One such scheme, gated-Vdd, was integrated into the architecture of caches [24} to shut down portions of the cache dynamically. This technique was applied at a cache block granularity in Kaxiras et al.  and used in conjunction with software to remove dead objects in Chen et al. .
However, all these techniques assume that the state (contents) of the supply-gated cache memory is lost. Although totally eliminating the supply voltage results in the state of the cache memory being lost, it is possible to apply a state-preserving leakage optimization technique if a small supply voltage is maintained to the memory cell.
Many alternate implementations have recently been proposed at the circuit level to achieve such a state-preserving leakage control mechanism. As an abstraction of these techniques, the choice between the state-preserving and state-destroying techniques depends on the relative overhead of the additional leakage required to maintain the state as opposed to the cost of restoring the lost state from other levels of the memory hierarchy.
An important requirement to reduce leakage energy using either a state-preserving or a state-destroying leakage control mechanism is the ability to identify unused resources (or data contained in them). In Yang et al. , the cache size is reduced (or increased) dynamically to optimize the utility of the cache. In Kaxiras et al. , the cache block is supply-gated if it has not been accessed for a period of time.

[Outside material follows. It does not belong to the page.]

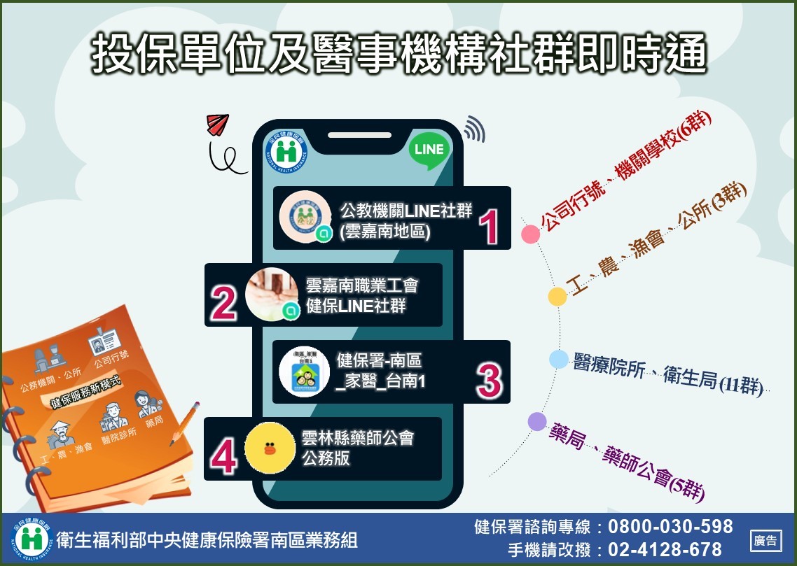 健保署南區業務組依據服務對象,分群專人經營社群,提供LINE社群的線上即時服務,加入該組專屬LINE社群,除可獲得健保最新資訊外,遇到各項健保疑難雜症,可於社群發問,即有專人迅速提供解答,且線上相互交流。

In Zhou et al. , hardware tracks the hypothetical miss rate and the real miss rate by keeping the tag line active when deactivating a cache line. Then the turn-off interval can be dynamically adjusted based on such information. In Flautner et al.  and Kim et al. , dynamic supply voltage scaling is used to reduce the leakage in the unused portions of the memory.
In contrast to the other schemes, their drowsy cache scheme also preserves data when a cache line is in low leakage mode. The usefulness and practicality of such state-preserving voltage scaling schemes for embedded power-optimized memories is demonstrated in Qin and Rabaey . The focus in Heo et al.  is on reducing bitline leakage power using leakage-biased bitlines.
The technique turns off precharging transistors of unused subbanks to reduce bitline leakage, and actual bitline precharging is delayed until the subbank is accessed. All these techniques for cache power optimization can also be applied to reduce the leakage energy in the MPSoC.